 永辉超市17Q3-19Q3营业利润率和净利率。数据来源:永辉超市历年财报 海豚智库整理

...

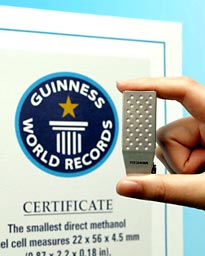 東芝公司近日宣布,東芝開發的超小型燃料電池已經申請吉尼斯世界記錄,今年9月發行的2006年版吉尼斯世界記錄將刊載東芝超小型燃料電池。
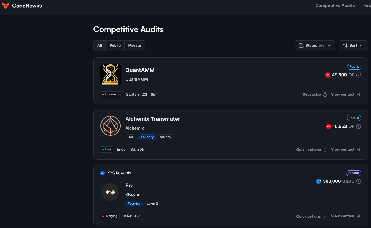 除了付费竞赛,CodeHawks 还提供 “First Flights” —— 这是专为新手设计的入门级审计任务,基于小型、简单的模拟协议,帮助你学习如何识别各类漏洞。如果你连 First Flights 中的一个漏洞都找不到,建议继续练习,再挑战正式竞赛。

* Task
Among the entries above, take the line with "東芝公司近日宣布,東芝開發的", the line with "First Flights 中的一个漏洞都找不到,建议继续练习,再挑战正式竞赛。", and all the lines between them, and restate them word for word without pictures.

* Answer below
 東芝公司近日宣布,東芝開發的超小型燃料電池已經申請吉尼斯世界記錄,今年9月發行的2006年版吉尼斯世界記錄將刊載東芝超小型燃料電池。
 除了付费竞赛,CodeHawks 还提供 “First Flights” —— 这是专为新手设计的入门级审计任务,基于小型、简单的模拟协议,帮助你学习如何识别各类漏洞。如果你连 First Flights 中的一个漏洞都找不到,建议继续练习,再挑战正式竞赛。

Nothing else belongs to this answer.